It’s that for a second, all Arthur can see is the bruised rings around Merlin’s eyes, the way his bones cast shadows on his skin in the firelight, and it makes him think of Merlin laid out on his bed, pale and unmoving, back when Arthur first became king. “What?” Merlin asks when he catches Arthur looking, rolling his eyes. “I wouldn’t need to do this if you put away your own damn clothes. You know, like I do.”
“You do it with magic.” He pauses. “Why don’t you do mine with magic, come to that?”
Merlin shrugs. “Habit. What’s bothering you? You’re reading your personal correspondence, and you were smiling until you started looking at me.”
“Just thinking, is all. I haven’t reassigned Gwen’s duties yet, it slipped my mind, but nobody’s come to me about it.”
“The household pretty much runs itself,” Merlin says with another shrug, and goes back to folding a shirt.
Arthur sighs, because after all their time together he knows all too well what Merlin’s lies sound like, and he wonders how this hasn’t occurred to him before. Leon and Gwaine stepped forward as soon as they heard Lancelot was gone and offered to take on his assigned duties, but of course nobody did the same for Gwen. Camelot is far too used to not having a queen; it probably never even occurred to them, just like it didn’t to him. “No, it doesn’t.” Merlin doesn’t look at him. “Merlin. I won’t have you exhausting yourself, not again.”
Merlin finally turns around, eyes flashing gold as the laundry starts taking care of itself, and puts his hands on his hips. “Like you are, you mean? Like you have been for the past month? I’m just trying to ease a bit of your burden, and if that means talking to the cooks about feast menus and to the steward about servants and household matters, then that’s fine. Better me than you, with Bayard thinking about attacking. You’ve got other things to worry about.”
“And you don’t?” Merlin walks over to lean against the table, and he looks even more tired up close.
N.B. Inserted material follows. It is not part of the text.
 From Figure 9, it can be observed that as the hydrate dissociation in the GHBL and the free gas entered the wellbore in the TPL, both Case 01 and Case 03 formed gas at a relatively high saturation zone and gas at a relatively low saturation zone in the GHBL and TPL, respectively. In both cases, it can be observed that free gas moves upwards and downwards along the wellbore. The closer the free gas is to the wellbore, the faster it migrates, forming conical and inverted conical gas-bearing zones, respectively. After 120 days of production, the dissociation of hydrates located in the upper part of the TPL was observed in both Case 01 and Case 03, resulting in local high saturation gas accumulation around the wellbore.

Arthur grew used to gauging Merlin’s health and energy after his collapse; it’s a testament to how distracted he’s been that it’s taken him this long to notice. “With Morgana scheming something new and rumours that some of the Druids farther afield are swearing to her instead of to you--”
“Us,” corrects Merlin. “And yes, I have duties. It’s not like I’m neglecting them.”
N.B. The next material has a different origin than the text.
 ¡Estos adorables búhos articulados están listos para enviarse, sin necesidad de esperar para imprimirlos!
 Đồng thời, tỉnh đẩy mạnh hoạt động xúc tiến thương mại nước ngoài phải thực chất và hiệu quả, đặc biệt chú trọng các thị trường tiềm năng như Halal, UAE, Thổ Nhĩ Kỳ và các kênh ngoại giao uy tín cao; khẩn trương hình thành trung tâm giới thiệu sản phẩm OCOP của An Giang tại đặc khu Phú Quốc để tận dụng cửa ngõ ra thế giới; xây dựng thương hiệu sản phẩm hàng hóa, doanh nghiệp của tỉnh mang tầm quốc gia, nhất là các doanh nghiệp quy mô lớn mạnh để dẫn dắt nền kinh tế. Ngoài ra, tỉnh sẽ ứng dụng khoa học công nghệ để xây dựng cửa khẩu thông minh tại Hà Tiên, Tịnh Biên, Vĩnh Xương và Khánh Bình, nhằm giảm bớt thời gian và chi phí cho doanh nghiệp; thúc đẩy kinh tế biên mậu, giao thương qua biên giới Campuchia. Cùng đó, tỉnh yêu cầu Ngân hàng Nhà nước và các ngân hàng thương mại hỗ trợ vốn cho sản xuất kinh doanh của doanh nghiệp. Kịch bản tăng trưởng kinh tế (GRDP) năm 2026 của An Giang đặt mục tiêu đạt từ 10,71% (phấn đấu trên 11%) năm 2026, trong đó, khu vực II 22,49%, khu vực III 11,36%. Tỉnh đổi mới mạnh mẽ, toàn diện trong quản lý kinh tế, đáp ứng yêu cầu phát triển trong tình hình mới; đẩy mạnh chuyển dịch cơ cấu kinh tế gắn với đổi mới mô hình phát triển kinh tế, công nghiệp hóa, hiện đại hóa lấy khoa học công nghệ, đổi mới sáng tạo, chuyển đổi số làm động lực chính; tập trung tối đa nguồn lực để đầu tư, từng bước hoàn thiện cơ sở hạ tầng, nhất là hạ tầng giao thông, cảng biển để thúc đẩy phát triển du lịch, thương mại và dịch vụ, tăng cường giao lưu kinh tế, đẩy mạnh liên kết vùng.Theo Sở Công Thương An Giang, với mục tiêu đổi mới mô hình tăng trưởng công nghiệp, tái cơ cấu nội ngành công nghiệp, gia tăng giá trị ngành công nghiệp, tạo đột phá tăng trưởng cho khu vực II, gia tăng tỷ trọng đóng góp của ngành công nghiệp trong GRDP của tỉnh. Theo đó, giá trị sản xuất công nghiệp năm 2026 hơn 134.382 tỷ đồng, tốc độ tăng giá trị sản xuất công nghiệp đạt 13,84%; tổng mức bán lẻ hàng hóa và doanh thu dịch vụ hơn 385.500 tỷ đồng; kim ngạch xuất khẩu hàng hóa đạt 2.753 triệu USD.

“I know you aren’t. You’re too tired to have been.” Arthur rubs his forehead and puts down his pile of letters. There’s nothing new in it, anyway. “I won’t have you collapsing again.”
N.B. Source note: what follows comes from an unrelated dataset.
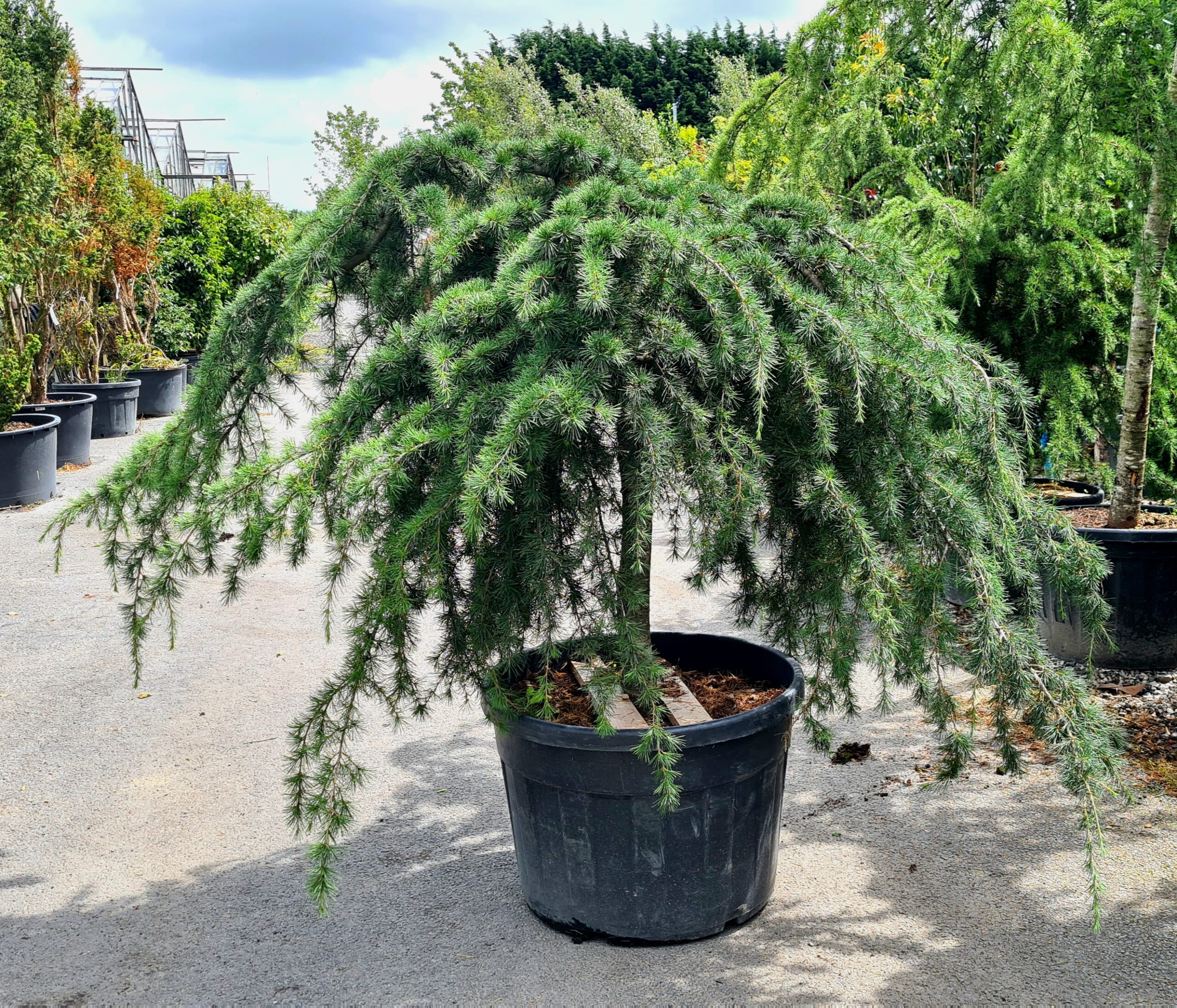 This mature weeping Cedrus deodara Pendula has been grown in a compact 1/2 standard form, with a stem height of approx 90cm and a nice mature head measuring

Merlin’s expression, which had been edging on annoyance, softens. “That was five years ago, Arthur, and yes, I’m busy, but it won’t happen again. I’m eating this time, you know that, I was sitting next to you at tonight’s feast and I was eating. Unlike you, I should mention.” His brow crinkles. “Speaking of which, cook wants me to speak to you, she said the servants have been bringing your meals back half-eaten and--”
“And that is not the discussion we’re having at the moment,” Arthur cuts in.
“It is, though. You can’t scold me for doing too much and do worse to yourself.” Arthur opens his mouth to say that he’s the king and he can do just that if he wants to, but Merlin shakes his head. “Let me do something for you, for once, instead of you fussing whenever I yawn. We all just want to help, after they …” This time he stops himself, mouth twisting up.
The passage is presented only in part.